After World War II, Stanford University found itself in difficult financial circumstances. But given that it was rich in land, Stanford University Provost and Dean of Engineering Frederick Terman proposed a Stanford-affiliated and R&D-focused business park that would generate income for Stanford as well as tax revenue for the Palo Alto community. Stanford University and the City of Palo Alto partnered to found the park, which was initially named Stanford Industrial Park. In 1951, the initiative was authorized and 209 acres were allocated. In 1953, Varian Associates moved in as the park's first tenant.

In the early days, Stanford tightly controlled development, without the help of an outside developer. It also rigorously screened potential tenants to ensure they were in line with university objectives.
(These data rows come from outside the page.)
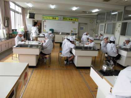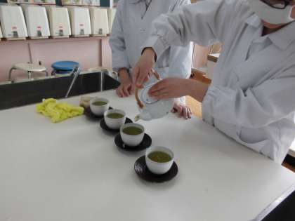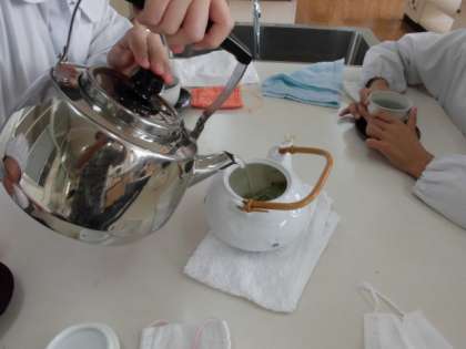 5年生が家庭科の勉強でガスこんろを使い、やかんでお湯を沸かしました。そして急須を使い日本茶を飲みました。初めて急須を使ったという児童もいました。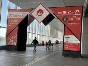 懐かしき上越高田公園の桜紹介ブースやお馴染み燕市のカトラリーやタンブラー等産業資料館ブース、小千谷縮、亀田縞、佐渡金山、弥彦(神社・温泉)、十日町市博物館の「火焔型土器」、花火、米&米菓、鮨、ラーメン、マンガ・アニメ…etc.
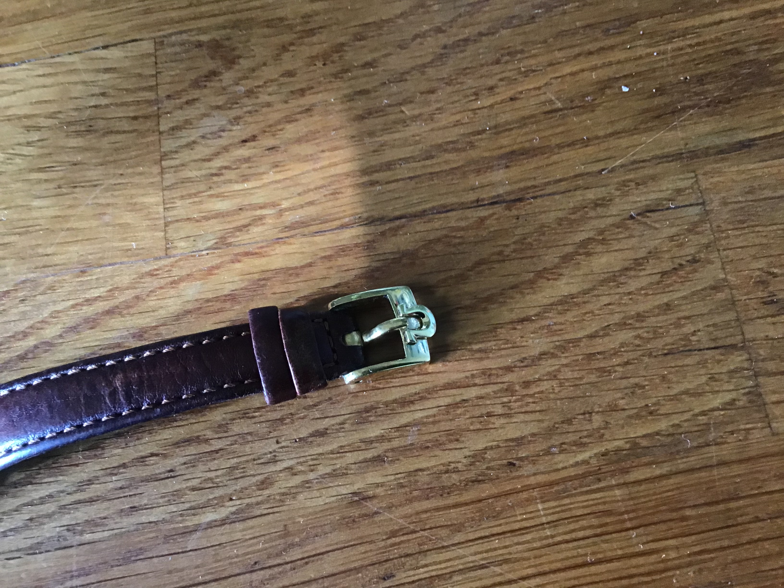·I purchased this ladies watch from a car boot sale about 15 years ago for about £50. I had it serviced by a friend of mine and it’s ran perfectly ever since. I gave it to my wife as a present and she does wear it occasionally. It’s 9ct gold and has the original Omega gold buckle. It is engraved on the back with the royal cypher ER and the date 14th Oct 1965. I have wondered if it was presented to a royal family employee on their retirement. I also wonder how it found it’s way to a car boot sale near Manchester.
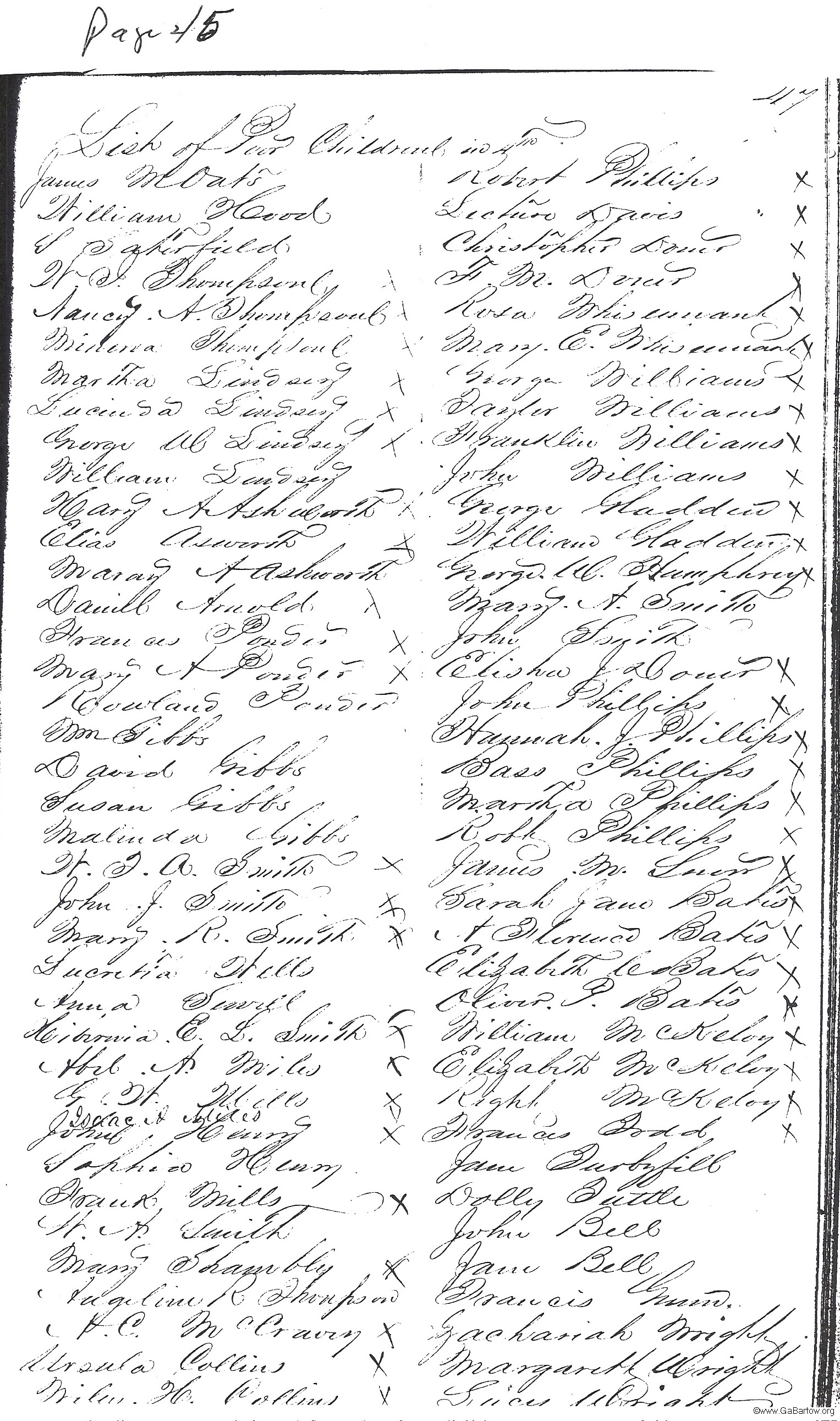 | List of he names of The Poor Children in The 828th District Ga ML Cass County entitled for The benefit of The Poor School fund. | 61 | 1857 | Phillips, Martha | |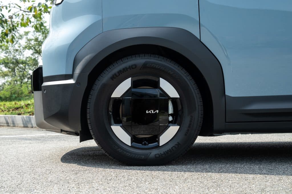 På parkeringen väntar PV5 Passenger på mig. Redan vid en första anblick blir det tydligt att Kias spektakulära design har dragits till sin spets: hård och kantig på utsidan men mjuk och välkomnande interiört.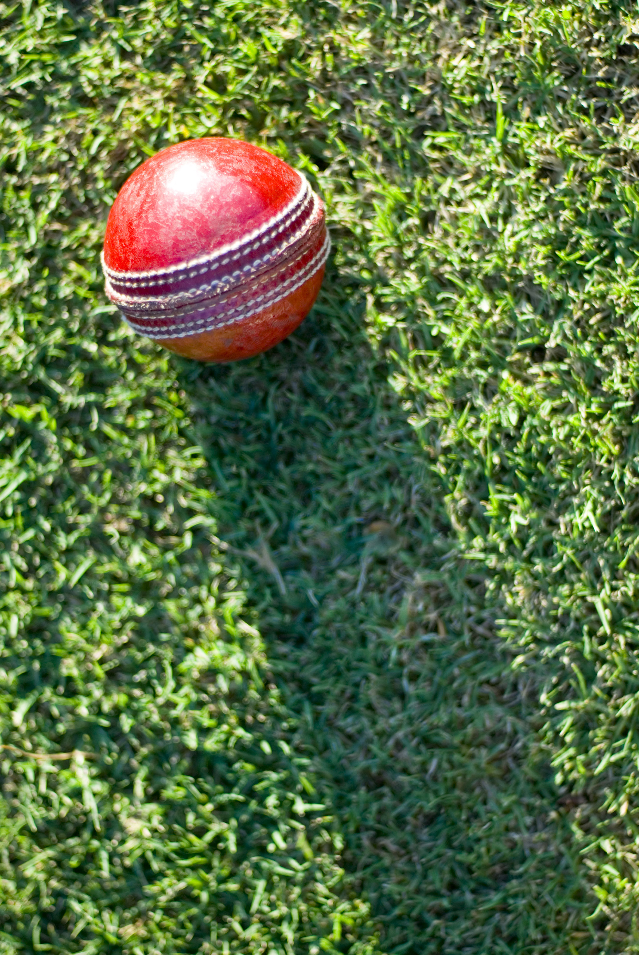 Keywords: sport, sports, cricket, ball, red, leather, traditional, green, grass, pitch, field, game, games, sporting, sun, shadow, playing field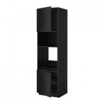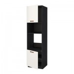 МЕТОД Выс шкаф д/духовки/СВЧ/2 дв/полки - 60x60x220 см, Лаксарби белый, под дерево черный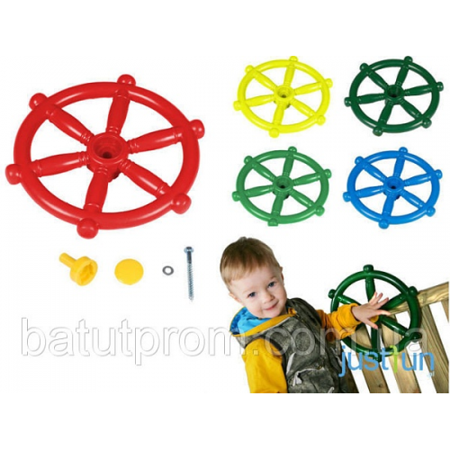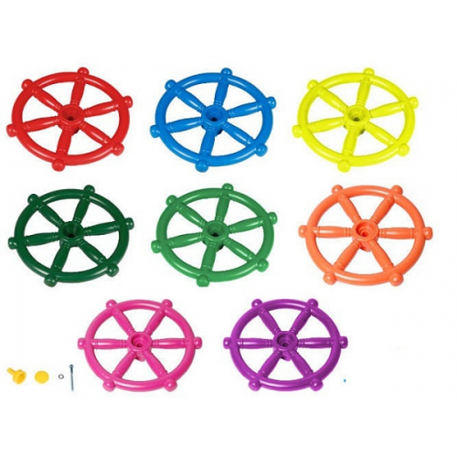 Колесо капитана для игровой площадки сделано из прочного пластика, погодных условий и ультрафиолетовых лучей. Колесо крепится к деревянной конструкции на болтах. Простая установка. В групповой игре развивает социальные навыки. Развивает фантазию, мышление, моторику. Позволит малышу почуствовать себя капитаном коробля. Доступные цвета: красный, желтый, синий, зеленый.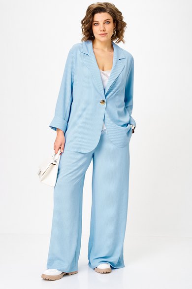 Есть вещи, которые сразу работают на образ. Этот костюм выбирают женщины, которым важны статус и лёгкость без суеты. Вертикальная полоска визуально вытягивает силуэт и стройнит, а струящаяся ткань красиво ведёт линию движения. Удлинённый жакет застёгивается на одну пуговицу — актуальный акцент сезона, который подчёркивает талию и делает силуэт современным.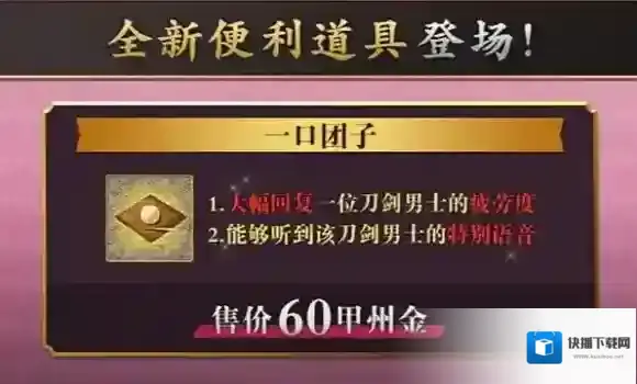 本次活动结束后,仍可在万屋购买一口团子,依旧可以使用道具一口团子恢复刀剑男士疲劳值,并听到特殊语音。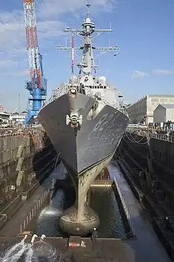 USS Lassen (DDG-82) is an Arleigh Burke-class (Flight IIA) Aegis guided missile destroyer in the United States Navy. She is named for Medal of Honor recipient Commander Clyde Everett Lassen. Lassen was the 14th ship of this class to be built by Ingalls Shipbuilding at Pascagoula, Mississippi, and construction began on 24 August 1998. She was launched and christened on 16 October 1999. On 21 April 2001, she was commissioned at the Florida Aquarium Pier in Tampa, Florida.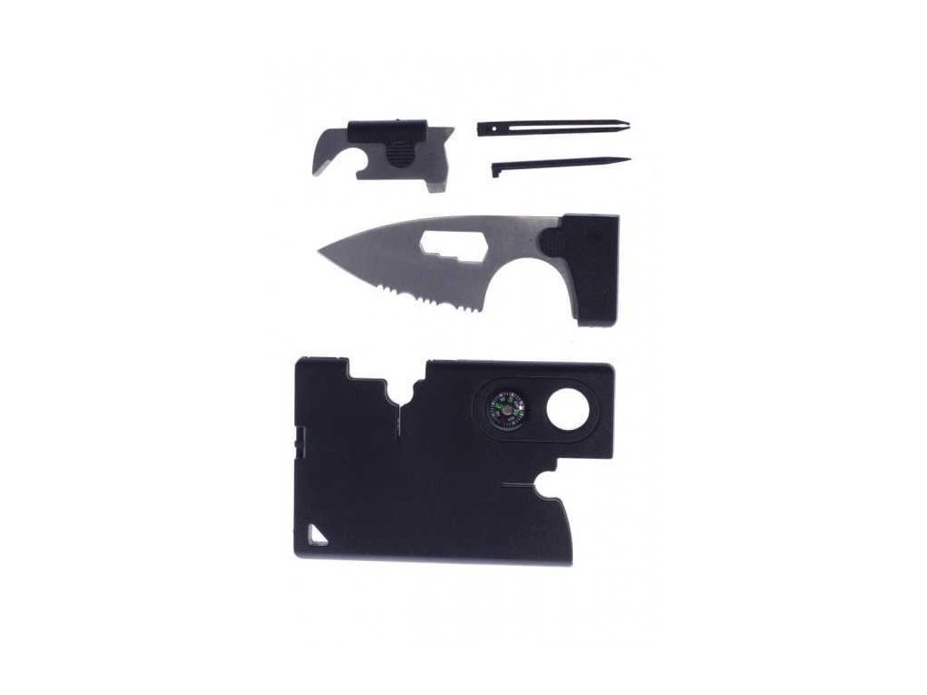 Multifunkční karta na přežití survival Army Multifunkční karta na přežití v plastovém provedení, která je velká asi jako vaše bankovní karty a bez problémů se vejde do peněženky.Karta obsahuje:Jednoruční nůž s výřezem na ukazováček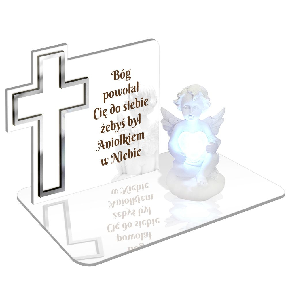 ZNICZ LED GRÓB Dziecka Córki Syna ANIOŁEK PODSTAWKA NA CMENTARZ BIAŁY ANIOŁ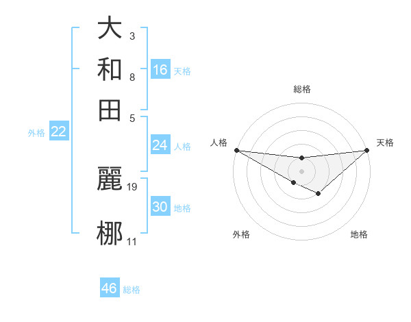 大和田 麗梛さんを姓名の画数から五運を鑑定

By 1956, Hewlett-Packard established its world headquarters in SRP. The park acquired more land as it grew from 40 tenants in 1960 to 100 tenants in 1985 to over 150 by January 2018. The name was changed in the 1970s to Stanford Research Park to highlight "the focus of cooperation between the university and the tech companies". In 1991, the Stanford Management Company was established to manage the university's financial and real estate assets, including SRP.

===Controversies===

In 2014, the Palo Alto City Council allowed a proposed 17 acre affordable housing community with 180 units in the Stanford Research Park to proceed, despite protests by neighborhood residents. The community opened in June 2017. In 2016, Stanford University and twelve of the park's largest companies formed the Transportation Management Association in order to mitigate traffic congestion from employee commutes, noting that it was making companies within the park less attractive to current and prospective employees. SRP lacks a nearby Caltrain station. The group is exploring several options, including "new shuttles, carpool routes and a trip-planning app".